Impedance Matching: Enabling an RL-Based Running Jump in a Quadruped Robot
Neil Guan, Shangqun Yu, Shifan Zhu, Donghyun Kim
TL;DR
This work tackles the sim-to-real gap in RL-driven quadruped locomotion by introducing impedance matching, a frequency-domain synchronization framework that aligns simulated actuator dynamics with real-world behavior. Using chirp-based frequency-response analysis and Bode-plot alignment, the authors derive simulation gains and dynamics-randomization ranges that enable safe transfer, while preserving dynamic capabilities such as walking, running, and jumping. A multi-task RL policy is trained with Net2Net-inspired behavior expansion, evaluated on a Mini Cheetah Vision platform, and demonstrates stable omnidirectional running and substantial forward, backward, and lateral jumps, achieving up to 55 cm gaps and 38 cm heights (with a center-of-mass jump distance approaching 96 cm). The approach reduces the sim-to-real gap, provides principled guidelines for domain randomization, and delivers a real-world policy that performs near hardware-limited performance, signaling practical impact for dynamic legged robotics.
Abstract
Replicating the remarkable athleticism seen in animals has long been a challenge in robotics control.

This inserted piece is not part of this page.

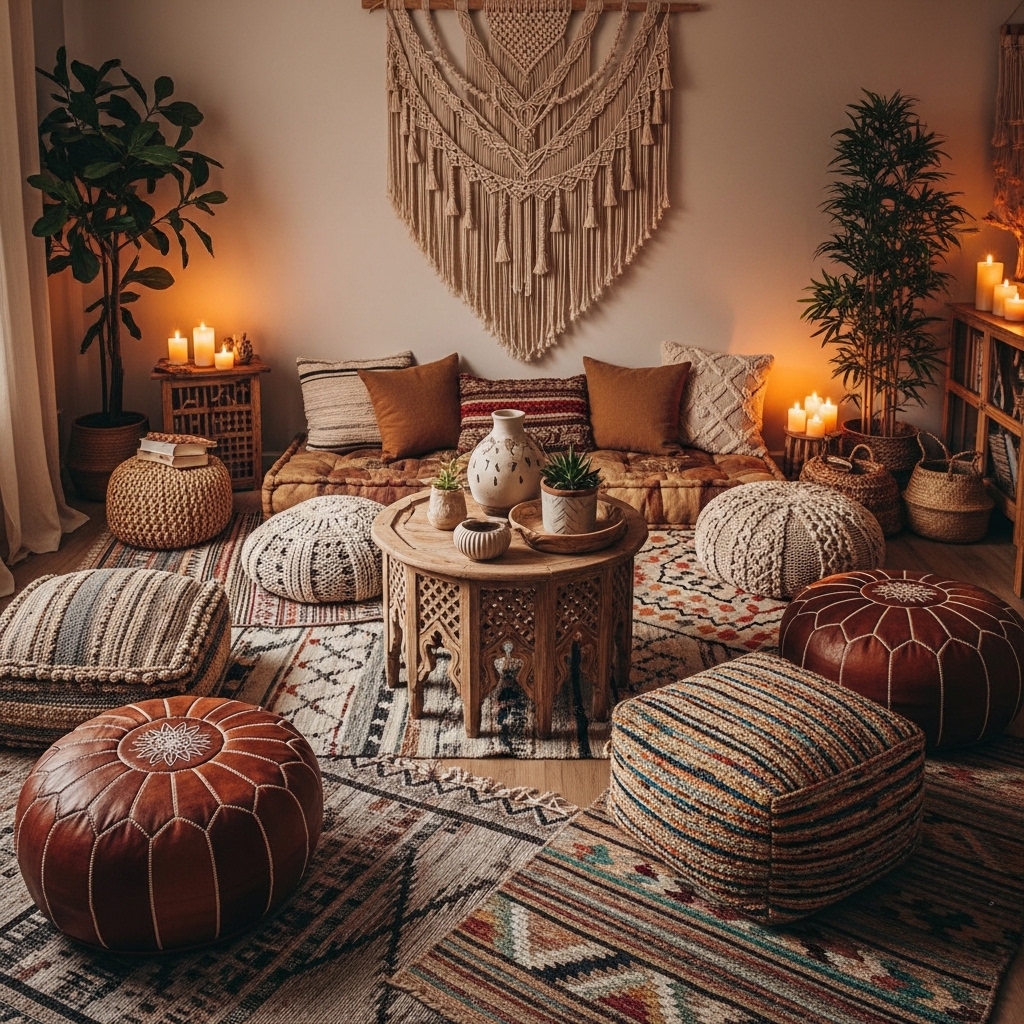 - Add floor cushions and poufs.

Although Reinforcement Learning (RL) has demonstrated significant progress in dynamic legged locomotion control, the substantial sim-to-real gap often hinders the real-world demonstration of truly dynamic movements. We propose a new framework to mitigate this gap through frequency-domain analysis-based impedance matching between simulated and real robots. Our framework offers a structured guideline for parameter selection and the range for dynamics randomization in simulation, thus facilitating a safe sim-to-real transfer. The learned policy using our framework enabled jumps across distances of 55 cm and heights of 38 cm. The results are, to the best of our knowledge, one of the highest and longest running jumps demonstrated by an RL-based control policy in a real quadruped robot. Note that the achieved jumping height is approximately 85% of that obtained from a state-of-the-art trajectory optimization method, which can be seen as the physical limit for the given robot hardware. In addition, our control policy accomplished stable walking at speeds up to 2 m/s in the forward and backward directions, and 1 m/s in the sideway direction.